Even if you have done this, read on.....

Google is still KING. And I hope you have already claimed your business there ( Google Places )

But, Yahoo and Bing have their dedicated users also.

Bing has been and continues to gain momentum.

Claim your business listing in both search engines. Even though Bing and Yahoo work together treat them as separate entities and give them what the want.

Bing has revamped their local service area and is now Bing Business Portal.

Once your there search for your business, you may be surprised that they already have your data, if that's the case claim and continue, if not go thru the process.

Just like Google Places, in order to get the most that it can do for you, you need to give it as much info as possible. That means filling everything to the max. Every single field needs to be filled.

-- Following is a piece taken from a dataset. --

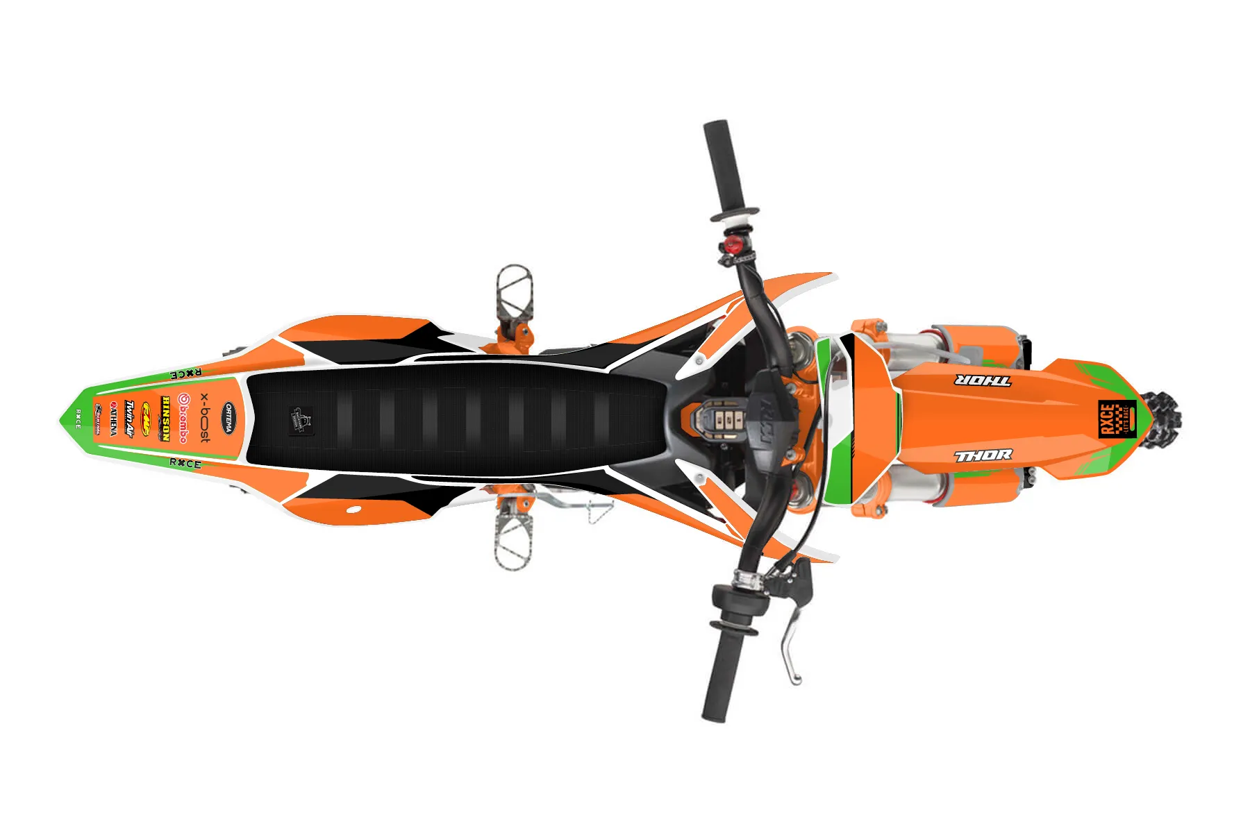 «V6» — готовый комплект графики серии Untucked для KTM MX Graphic Kit KTM SX-E 5 2019. В комплекте: графика на бак и боковые облицовки, крылья (переднее и заднее), передний щиток, номерные таблички, защита вилки. Материал: ПВХ-винил 80 мкр с холодной ламинацией 300 мкр, общая толщина 380 мкр; покрытие глянцевое или матовое на выбор. Устойчив к UV-излучению, воде, бензину и мойке высокого давления. Клей акриловый на сольвентной основе — постоянный, для гибких пластиков. На простых поверхностях монтируется без нагрева; для сложных изгибов рекомендуем фен. Этот пресет можно заказать как есть или взять за основу в конструкторе: поменять цвета, добавить стартовый номер и свой бренд. Производство — 3–5 рабочих дней, доставка по России СДЭКом или Почтой, по СНГ — курьерскими службами.

Do it all, including the deals and coupons, etc. Give it you facebook url, etc.

You get a free mobile site and gives you a QR code also.

Even you have already claimed your listings, you need to revisit and make sure everything is correctly filled and 100% completed.

That's it.


[*SEO TIP*]

The pics that you upload to any of your listings on any of the search engines should be keyword optimized.

For example - instead of uploading " pic1.jpg," rename it to " *housepainters*_yourcityname_.jpg " other names could be

*paintingcontractors*_inyourcity_.jpg
*painters*_inyourcity_.jpg
*exteriorpainters*_inyourcit_y.jpg

( you get the point, right? if you run out, just add a number at the end )

This goes for all your pics including your logo.

Good Luck


----------



## ewingpainting.net (Jun 2, 2008)

Ya, I figured that pic name out the hard way. I named my logo "ewing painting logo" since it was at the top of my website google search named my website "ewing painting logo". I'm still cleaning that mess up.


----------



## SouthFloridaPainter (Jan 27, 2011)

ewingpainting.net said:


> Ya, I figured that pic name out the hard way. I named my logo "ewing painting logo" since it was at the top of my website google search named my website "ewing painting logo". I'm still cleaning that mess up.


Sorry to hear that. I looked at the code on your page and its not that clear, google is trying to figure your page on its own. 

If the code does not specify certain things, it'll just pull whatever.


----------